Segundo o apurado por este jornal, as câmaras de Arcos de Valdevez, Ponte da Barca, Ponte de Lima, Monção e Melgaço moveram, em tempos, uma providência cautelar contra o Estado com o objetivo de inviabilizar o projeto, mas, até prova em contrário, não obtiveram qualquer resultado prático.
Apesar das questiúnculas técnico-jurídicas, e dada a quase certa prossecução do projeto, o edil arcuense defende alterações ao traçado ou, em alternativa, a adoção de medidas para aliviar os efeitos da travessia. “O ministro do Ambiente, Duarte Cordeiro, tem em seu poder uma proposta dos autarcas da região no sentido de considerar o mesmo corredor onde vai passar o comboio de alta velocidade, essa possibilidade iria potenciar a sua utilização. Caso contrário, é preciso encontrar medidas para mitigar os vários impactos (de ordem ambiental, social e económica). Além do mais, a travessia desta LMAT só é importante se a Península Ibérica conseguir passar uma linha nos Pirenéus, sob pena de a construção não ter o efeito esperado, que é o de entrar no mercado europeu de energia, sendo esta aspiração uma incumbência dos Estados ibéricos ao mais alto nível”, salvaguardou João Manuel Esteves.
Lugares de passagem da LMAT
A construção da infraestrutura desrespeita a vontade dos representantes dos munícipes, para lá do facto de Arcos de Valdevez fazer parte da Reserva Mundial da Biosfera. Mas esta polémica não é de agora. Em 2014 e 2020, a AM de Arcos de Valdevez já tinha emitido moções desfavoráveis à travessia no território da LMAT, posição reafirmada já este ano, logo que se soube que a solução escolhida ia causar “fortes impactos negativos”, visto o projeto atravessar parte da freguesia de Sistelo, que é classificada de Monumento Nacional.
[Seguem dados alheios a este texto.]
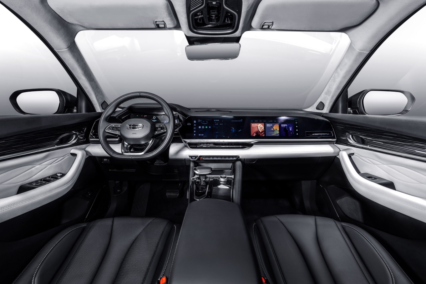 内饰方面,星越L采用了以往没有的新配色,白+黑的双拼色设计,让整个内饰显得比较清爽,不会那么沉闷。在用料方面也比较讲究,中控台以及门板处和座椅均采用软性材质包裹,搭配缝线工艺具有很好的质感。
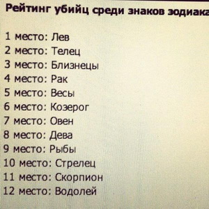 Рейтинг убийц среди знаков Зодиака
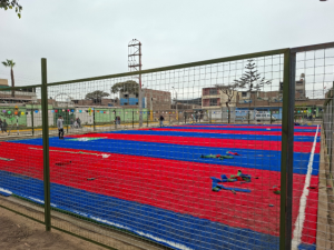 El verde clásico del grass fue desterrado. En su lugar, dos franjas gigantes —azules y rojas— cubrían la loza deportiva como una bandera sin mástil. Para algunos vecinos, el color representaba “alegría y renovación”; para otros, evocaba los tonos del partido político del alcalde.
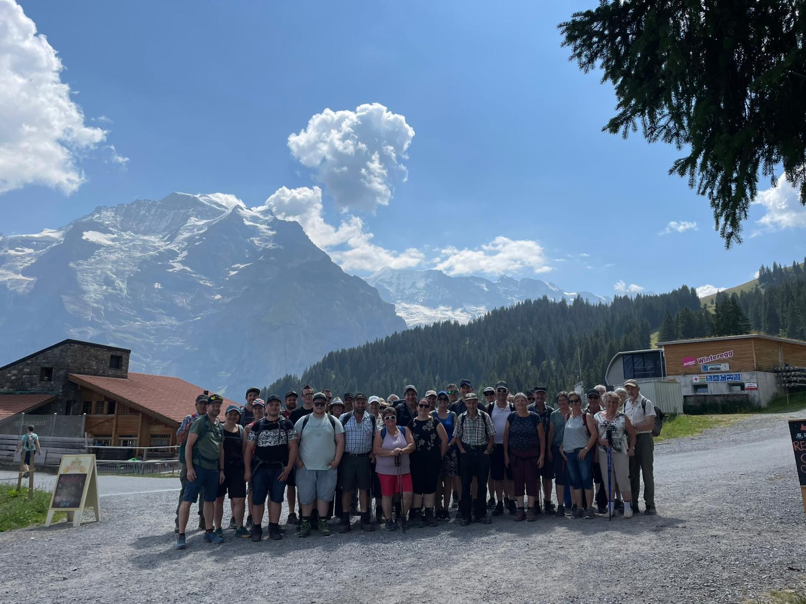 Die diesjährige Reise führte uns von Lauterbrunnen auf die Grütschalp und dann auf Mürren. Spontane Ständli erfreuten nicht nur die mitgereisten Ehrenmitglieder und Partner sondern auch die vielen Touristen in Mürren.
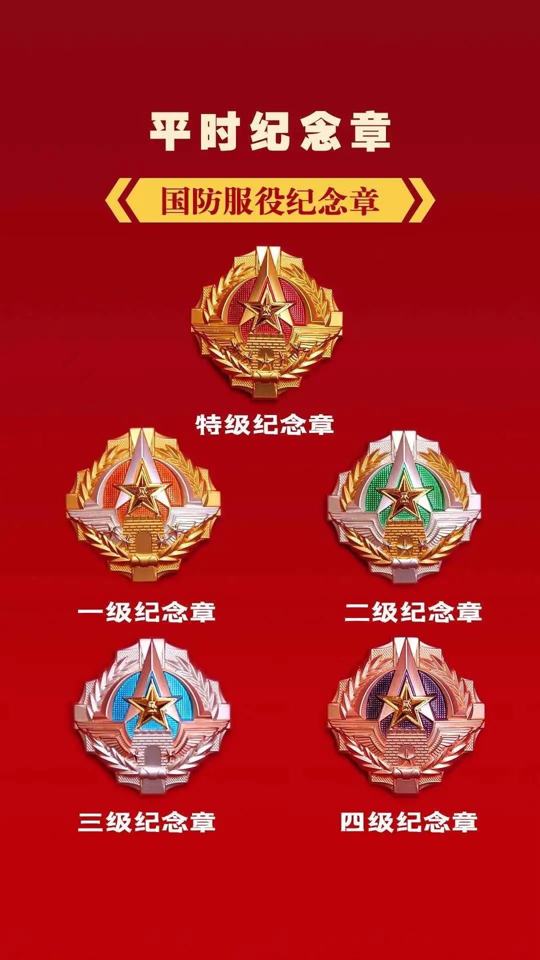 国防服役四级、三级、二级纪念章
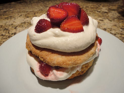 I usually make strawberry shortcake once a year when I find first-of-the-season berries in late June at our Missoula farmers’ markets. I split the just-baked rich buttery rounds of shortcake, fill them with lightly sugared berries and whipped heavy cream, top the cakes with more cream and berries, and eat away with a knife and fork.
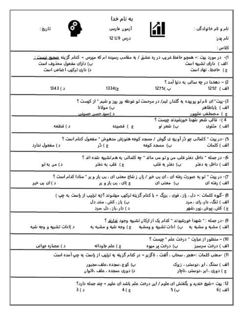 سوالات ترکیبی تستی وتشریحی به همراه جدول پاسخنامه برای سوالات تستی در قالب کتاب خوانداری و نوشتاری از درس 9 تا درس دوازدهم فارسی پایه ششم ابتدایی

Além de Sistelo, o traçado da LMAT prevê a sua passagem em S. Jorge, Vale, Ázere, Couto, Gondoriz, Vilela, São Cosme e São Damião, Sá, Cabreiro, Álvora e Loureda.
Esta é uma obra que vai requerer a “construção de torres de betão”, em “lugares de difícil acesso”, exigindo a “abertura de caminhos”, trabalhos que “ameaçam a biodiversidade e o equilíbrio ambiental existente nos locais atravessados”, avisam os opositores ao projeto.
Campos magnéticos “prejudiciais à saúde das populações”
A instalação da LMAT irá originar a formação de campos magnéticos, “prejudiciais à saúde das populações” e “lesivas do estado de conservação das espécies (flora e fauna)”. Ainda de acordo com os peritos, a LMAT é uma estrutura que tem associada, ao seu funcionamento, uma “série de impactos negativos que ameaçam seriamente a qualidade de vida das populações residentes nas suas imediações”, nomeadamente pela “exposição permanente ao ruído e às radiações eletromagnéticas”, a par do “grande impacto visual” que provocam.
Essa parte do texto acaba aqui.